O site do Departamento de Justiça informa que Kelly solicita apenas uma comutação de pena — que reduziria o tempo de prisão — e não um perdão presidencial completo. Os documentos apresentados em apoio ao pedido não foram divulgados.

"Isso parece ser apenas um envio aleatório pelo portal público, por meio do qual qualquer pessoa pode apresentar um pedido", afirmou um funcionário da Casa Branca à Rolling Stone. "O envio de um pedido de perdão não deve ser interpretado como qualquer outra coisa além do fato de que um indivíduo decidiu fazer uma solicitação. A equipe da Casa Branca responsável por analisar pedidos de clemência não está acompanhando esse caso neste momento. A Casa Branca possui um processo rigoroso de análise para todos os pedidos de clemência, sendo o presidente o responsável pela decisão final."

Kelly, de 59 anos, foi condenado em todas as acusações em um julgamento realizado em 2021 em um tribunal federal no Brooklyn. Os jurados o consideraram culpado por extorsão, tráfico sexual, exploração sexual de menores, sequestro e trabalho forçado.

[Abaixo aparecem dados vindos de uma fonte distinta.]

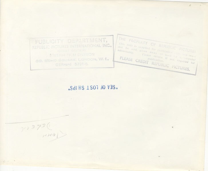 Sea of Lost Ships 1953 John Derek, Wanda Hendrix Embracing near Christmas Tree Original 8x10 Photo Stamped Good/VG Condition (pinholes) This item is an ORIGINAL 8x10 photo from the historic archives of Silver Screen Mementos. This original photograph was made in the actual year the film, television show or event was produced. The movie studios produced publicity photographs for distribution to the press, photo agencies and publicity departments to advertise the film/tv show or event. Very often original photos have press release information on the reverse of the photo - movie credits, description of the scene, event and people involved. This is a historic piece of cinema art and is being offered from one collector to another, no rights given or implied. Silver Screen are gradually releasing thousands of Original Photographs, Transparencies, Negatives, Lobby Cards, Posters, Magazines and other memorabilia from our historic archive.
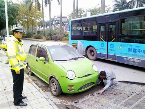 无独有偶,1月8日,长洲交警在竹湾路巡查时也发现了一辆已经停放了好一段时间的无主绿色小汽车。同样的,这辆小车的前后位置也没有悬挂车辆,由于长时间无人打理车辆已经积满了灰尘,发动机号码也已经模糊不清。由于无法及时找到车辆的驾驶人,长洲交警只能先将车辆拖移,以及时回复道路交通秩序,力保市容环境整洁。

Em junho de 2025, seu advogado, Beau B. Brindley, apresentou um pedido para que Kelly fosse submetido a um novo julgamento, além de solicitar sua libertação imediata sob fiança devido a problemas de saúde e a uma suposta conspiração para matá-lo. O advogado alegou que Kelly foi privado de tratamento para coágulos sanguíneos perigosos nos pulmões e que "um supremacista branco assumido" afirmou que funcionários da prisão o recrutaram para atacar o cantor enquanto ele estava sob custódia.

Em uma coletiva de imprensa realizada naquele mês, Brindley disse que pretendia recorrer diretamente a Trump em busca de ajuda. "R. Kelly não tem tempo, com sua vida em risco, para seguir os trâmites normais", afirmou Brindley, segundo o Chicago Tribune. "Vou pedir ajuda ao presidente Trump, porque precisamos dele."

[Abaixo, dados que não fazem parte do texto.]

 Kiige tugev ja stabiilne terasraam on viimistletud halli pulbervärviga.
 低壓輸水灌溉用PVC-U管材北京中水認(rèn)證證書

Brindley não respondeu ao pedido de comentário da Rolling Stone na quarta-feira.

Durante o julgamento no Brooklyn, o júri concluiu que Kelly manteve relações sexuais com garotas menores de idade e subornou um funcionário público para emitir um documento de identidade falso, permitindo que ele se casasse com a cantora Aaliyah, então com 15 anos. Segundo a acusação, Kelly acreditava que ela estava grávida e imaginava que o casamento o livraria da prisão.

Um juiz federal em Chicago ainda não decidiu sobre o pedido de novo julgamento apresentado por Kelly. No entanto, sua solicitação para responder ao processo em liberdade mediante fiança foi negada.